Lena Aldridge started off as an unnamed woman in my first novel, This Lovely City, published in the UK. My protagonists, a couple named Evie and Lawrie, have a night out in a Soho jazz club. As they leave, there is a woman singing onstage and something about her makes Evie take notice. It’s not on the page, but Evie is going through a turbulent time and when she sees that woman onstage, confident and talented, she feels envious. That singer must really have her life together! I don’t really know why but that unnamed woman stuck in my head. I wondered if she really did have her life together – how boring! What if, really, she was falling apart? Way more interesting. 


Indemnity Only, by Sara Paretsky

My introduction to the unconventional woman was through Indemnity Only, Sara Paretsky’s first V.I. Warshawski novel. A missing person’s case turns into a murder investigation, but it’s V.I. herself who kept me turning the pages when I first picked this up. The divorced daughter of a Chicago cop and an Italian opera singer, V.I. is so fiercely independent and I’d never come across anyone like her before, either in real life or in fiction. 
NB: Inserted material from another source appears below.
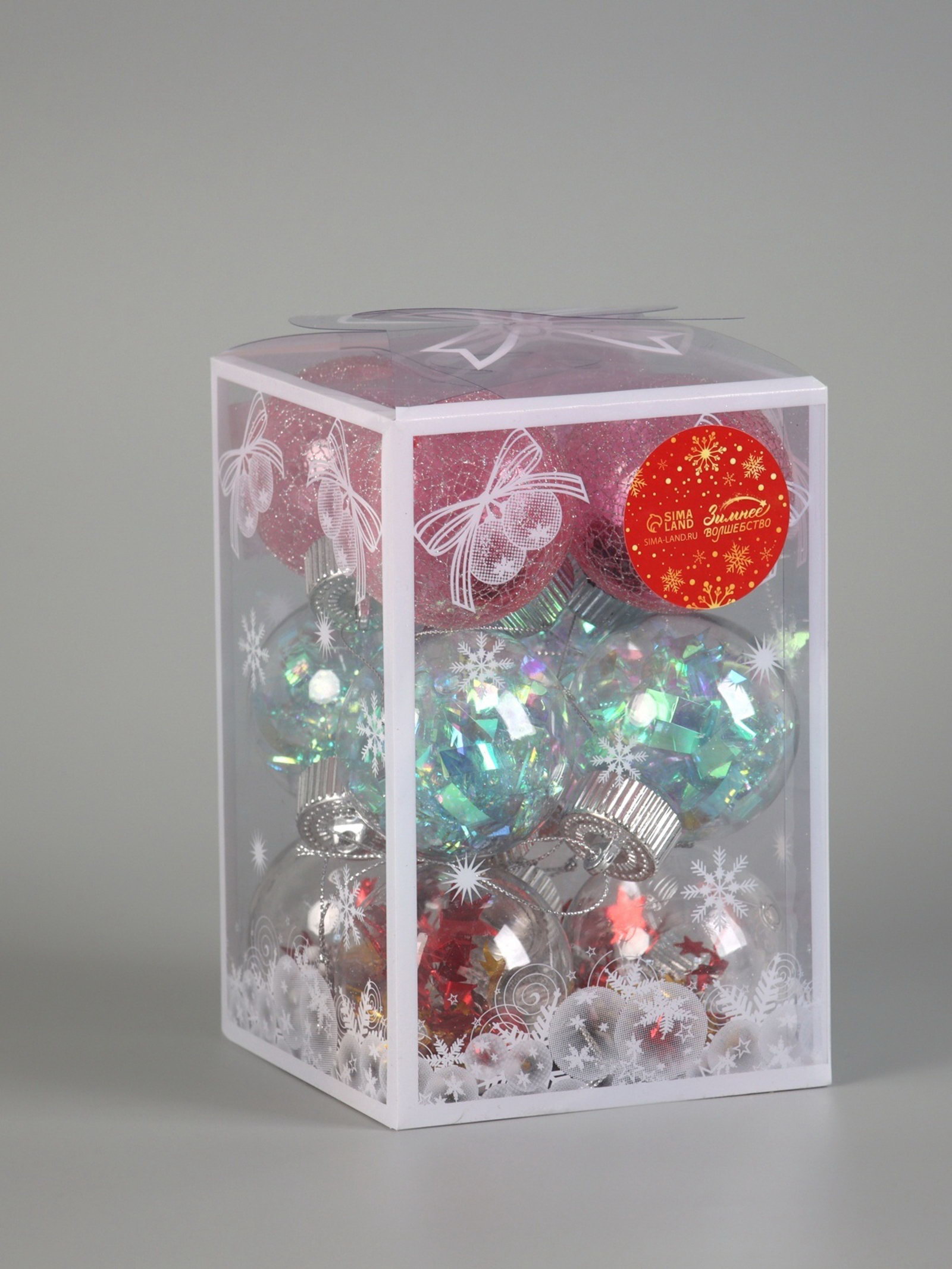 Цвет: МИКС, Прозрачный Особенности: Прозрачная, С наполнением Размер упаковки: 11.5 x 17 x 11.5 см. Диаметр шара, см: 6 В наборе, шт.: 12 Набор: Да Стиль: Шебби-шик Форма игрушки: Шар Тематика праздника: Новый год Символ года: Нет tnved: 9505109000 Рисунок: Да Набор из 12 прозрачных пластиковых шаров диаметром 6 см с текстурой в стиле шебби-шик добавит нежности и изящества в праздничное оформление ёлки. Разноцветные украшения с эффектом сеточки создают лёгкую игру света и объёма, подчёркивая атмосферу Нового года. Особенности

Sue Grafton’s Kinsey Millhone Alphabet Series

Once I’d devoured the V.I. novels that were available, I moved onto Sue Grafton’s Kinsey Millhone Alphabet series, of course starting with “A” is for Alibi. Santa Teresa might be a fictional town in Southern California, but it felt real when I read these books. What Millhone has in common with Warshawski is that they’re a similar age. The difference is that Sue Grafton, perhaps having had twenty-six books in mind originally, decided to keep the action firmly in the 1980s, with the plot of each book taking place soon after the conclusion of the last. Although she’s described as a loner, she has a lot of friends, her octogenarian landlord Henry being my favourite. And she’s not averse to a romantic relationship, enjoying several over the course of the series as well as having been divorced twice. Kinsey Millhone is perhaps my favourite of the trio of female PIs that I read over a short period in my early teens (Linda Barnes’s Carlotta Carlyle being the third).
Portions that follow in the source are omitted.